> **Directions**: Exactly reproduce the lines of the listing below from the one containing "Disputatio Philosophica De" through the one containing "Мой тест проходил". Skip the images.

> **Stored data**:
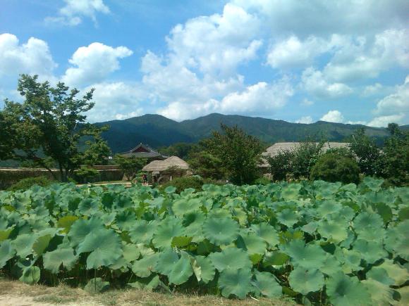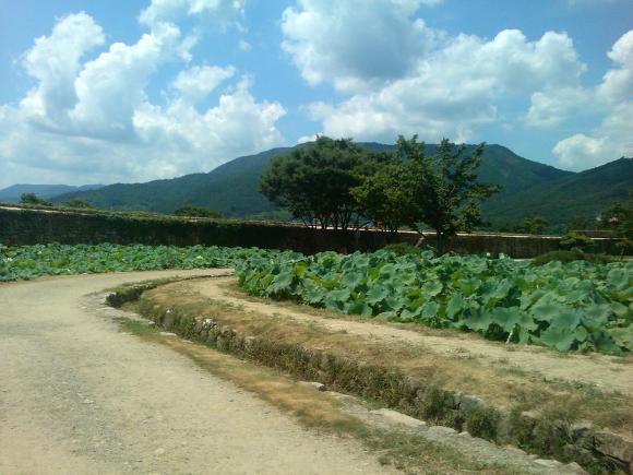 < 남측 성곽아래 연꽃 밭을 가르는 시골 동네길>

...

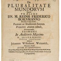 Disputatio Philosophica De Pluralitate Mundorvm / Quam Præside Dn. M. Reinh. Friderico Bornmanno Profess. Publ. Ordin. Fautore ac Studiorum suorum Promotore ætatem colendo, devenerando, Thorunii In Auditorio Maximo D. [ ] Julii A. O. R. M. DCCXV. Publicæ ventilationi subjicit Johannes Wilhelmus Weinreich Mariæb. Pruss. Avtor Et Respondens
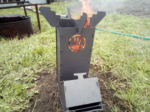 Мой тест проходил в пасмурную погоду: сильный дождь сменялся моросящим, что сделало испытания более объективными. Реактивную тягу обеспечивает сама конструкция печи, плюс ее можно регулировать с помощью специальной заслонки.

> **Output below**:
 Disputatio Philosophica De Pluralitate Mundorvm / Quam Præside Dn. M. Reinh. Friderico Bornmanno Profess. Publ. Ordin. Fautore ac Studiorum suorum Promotore ætatem colendo, devenerando, Thorunii In Auditorio Maximo D. [ ] Julii A. O. R. M. DCCXV. Publicæ ventilationi subjicit Johannes Wilhelmus Weinreich Mariæb. Pruss. Avtor Et Respondens
 Мой тест проходил в пасмурную погоду: сильный дождь сменялся моросящим, что сделало испытания более объективными. Реактивную тягу обеспечивает сама конструкция печи, плюс ее можно регулировать с помощью специальной заслонки.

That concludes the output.